While some galaxies can also grow by merging with other galaxies, it was theorized that accretion was the primary process. Today we see evidence for accretion in the Milky Way and many other modern galaxies, but observing it in the universe's earliest galaxies had proved difficult.

This makes BDF 3299 hugely important, then, in proving this theory. The off-center glow of the galaxy’s center in the image is thought to be the result of intense radiation from newly formed stars from the gas. Without incoming gas, galaxies will eventually stop forming stars and die.

The discovery could help reveal how the universe was cleaned of its “fog” of hydrogen gas in its first few hundred million years. Known as the epoch of reionization, it's thought that stars, quasars and galaxies swept this fog away, giving us the universe we see today.

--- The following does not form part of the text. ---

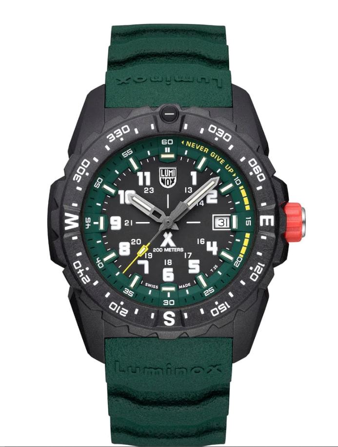 MEN'S,LUMINOX BEAR GRYLLS SURVIVAL MOUNTAIN, DARK GREEN, 43 MM WATCH. THIS BEAR GRYLLS MOUNTAIN SERIES WATCH FEATURES A 43MM VERY LIGHTWEIGHT CARBONOX™ CASE AND UNI-DIRECTIONAL BEZEL, MARKED WITH CARDINAL POINTS, ALONGSIDE A SAPPHIRE CRYSTAL FACE WITH ANTI-REFLECTIVE COATING FOR INCREASED READABILITY. BEAR GRYLLS SIGNATURE IS ENGRAVED ON THE CASE BACK AND HIS FAMOUS MOTTO ‘NEVER GIVE UP’ IS INSCRIBED AROUND THE EDGE OF THE DIAL. THE SIGNATURE BEAR GRYLLS SCREW-IN ORANGE CROWN, DARK GREEN DIAL OUTER RING AND DARK GREEN INTEGRATED RUBBER STRAP, CREATE UNIQUE DESIGN DETAILS SWISS QUARTZ, RONDA 515, HH6, TIME DATE

^{ALMA is composed of 66 radio telescopes that work together to observe the universe. ESO/C. Malin.}

“We have been trying to understand the interstellar medium and the formation of the reionization sources for many years,” said co-author of the study Andrea Ferrara from Scuola Normale Superiore in Pisa, Italy, in a statement. “Finally to be able to test predictions and hypotheses on real data from ALMA is an exciting moment and opens up a new set of questions. This type of observation will clarify many of the thorny problems we have with the formation of the first stars and galaxies in the universe.”

The astronomers note that they aren’t sure how big this specific galaxy will grow, nor what type of galaxy it will turn into. Maiolino said that it may “evolve into a massive galaxy like the Milky Way” or one even more massive, or it may stop forming stars at some point.

ALMA is still being brought up to full power, and Maiolino added that as the capability of ALMA increases, it will be possible to study primordial galaxies like this in greater detail and learn even more about the early universe.